* Task prompt
Give again, word for word, the lines below that run from the line with "Karaca 12-Piece Bone" through the line with "此外,霍普股份在上市后第二年". Drop the pictures.

* Task material
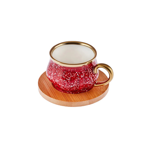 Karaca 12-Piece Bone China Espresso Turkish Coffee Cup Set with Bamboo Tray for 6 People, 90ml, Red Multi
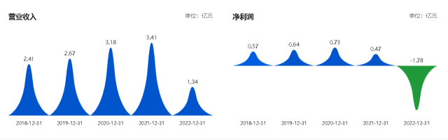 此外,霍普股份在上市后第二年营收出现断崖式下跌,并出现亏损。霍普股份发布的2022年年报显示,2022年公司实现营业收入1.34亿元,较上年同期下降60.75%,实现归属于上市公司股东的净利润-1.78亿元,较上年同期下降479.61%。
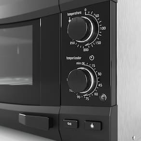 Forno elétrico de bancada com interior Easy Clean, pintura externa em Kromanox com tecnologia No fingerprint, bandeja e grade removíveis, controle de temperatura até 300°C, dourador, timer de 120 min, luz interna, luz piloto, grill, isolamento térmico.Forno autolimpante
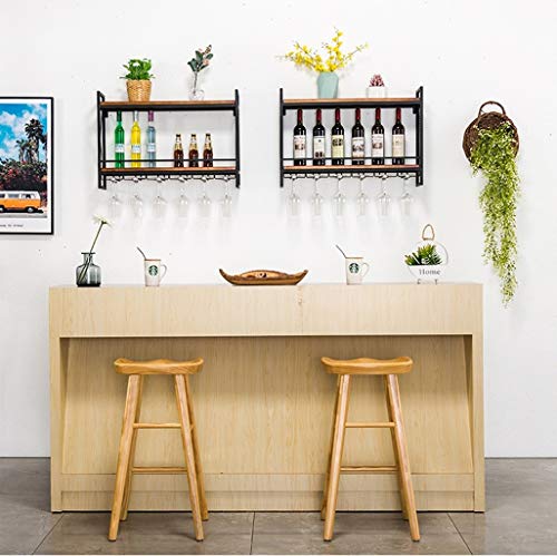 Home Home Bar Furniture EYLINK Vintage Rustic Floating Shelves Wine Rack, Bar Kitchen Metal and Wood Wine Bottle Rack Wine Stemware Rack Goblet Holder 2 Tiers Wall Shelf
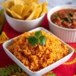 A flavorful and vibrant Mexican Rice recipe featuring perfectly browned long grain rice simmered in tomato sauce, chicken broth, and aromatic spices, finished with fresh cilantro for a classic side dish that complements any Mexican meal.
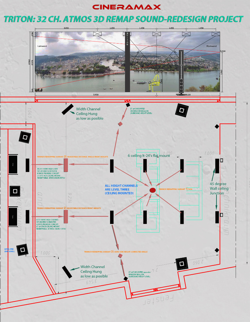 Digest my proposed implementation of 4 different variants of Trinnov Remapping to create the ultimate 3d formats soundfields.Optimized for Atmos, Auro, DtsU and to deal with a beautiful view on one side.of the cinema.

==

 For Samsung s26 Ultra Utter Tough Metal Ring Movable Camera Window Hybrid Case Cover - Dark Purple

* Task solution
 Karaca 12-Piece Bone China Espresso Turkish Coffee Cup Set with Bamboo Tray for 6 People, 90ml, Red Multi
 此外,霍普股份在上市后第二年营收出现断崖式下跌,并出现亏损。霍普股份发布的2022年年报显示,2022年公司实现营业收入1.34亿元,较上年同期下降60.75%,实现归属于上市公司股东的净利润-1.78亿元,较上年同期下降479.61%。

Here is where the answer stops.